Early engineers worked with tiny limits. The Apollo Guidance Computer had only 2KB of RAM. Every bit mattered. Every CPU cycle was vital.
Today, we have gigabytes of memory. We often solve problems by adding more hardware. If code is slow or heavy, we add more RAM. This habit makes us lose the skill of pure optimization.
You can write better software by thinking about constraints.
Look at how you process a large text file in Python.
The common way: Many developers read an entire file into memory at once.
- You use f.readlines().
- This loads every line into a list in your RAM.
- If your file is 10GB, you need 10GB of RAM.
- This approach fails on small servers or limited devices.
The optimized way: Process the file one line at a time.
- You iterate directly over the file object.
- Python reads one line, processes it, and moves to the next.
- Your memory usage stays low and constant.
- It does not matter if the file is 1MB or 100GB.
The difference is about engineering philosophy.
Adding more resources is a temporary fix.

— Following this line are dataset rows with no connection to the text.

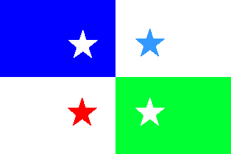 blue-white-white-red, with a white star, a celestial blue star, a red star, and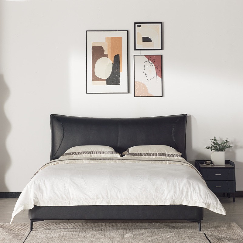 现代简约真皮床主卧双人大床软包意式极简大黑熊轻奢储物高箱婚床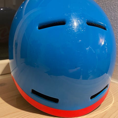 Blå hjelm med visir 54-55 cm 200kr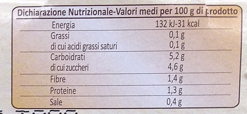 Barcode EAN:   8003294350020 Energy kcal/100g:   31 Satured Fat (per 100g)g:   0.1 Sugar into Carbohydrates (per 100g)g:   4.6 Proteines (per 100g)g:   1.3 Calcium CA/ mg (per 100g)g:   Gluten:   Production type:   Made in:   Italy Price €:   Bought here:   Last update:   2016-10-23 09:52:41 | Brand:   Fat (per 100g)g:   0.1 Carbohydrates (per 100g)g:   5.2 Fiber (per 100g)g:   1.4 Salt - Sodium (per 100g)g:   0.4 Ingredients (Indicative):   |
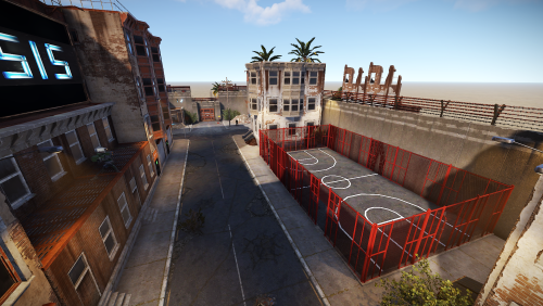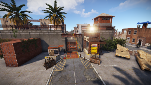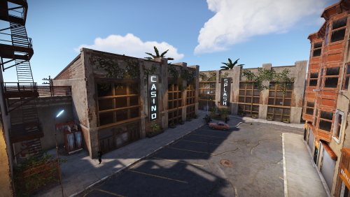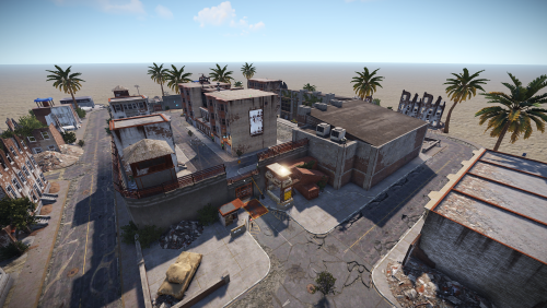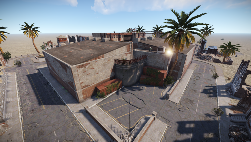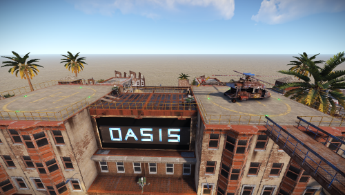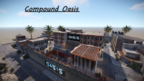 Compound Oasis is a bold and vibrant reimagining of Rust’s iconic Outpost. This heavily fortified sanctuary blends essential survival amenities with modern-day luxury and leisure, offering a safe zone that feels like a true haven.

It creates fragile software. Using constraints to drive your design creates robust software.
Optimization is not just about speed. It is about being mindful of your resources.
When you write code, ask yourself:
- How much memory does this use?
- Will this work if the data grows ten times larger?
- Am I relying on expensive hardware to hide bad code?
Better software comes from discipline.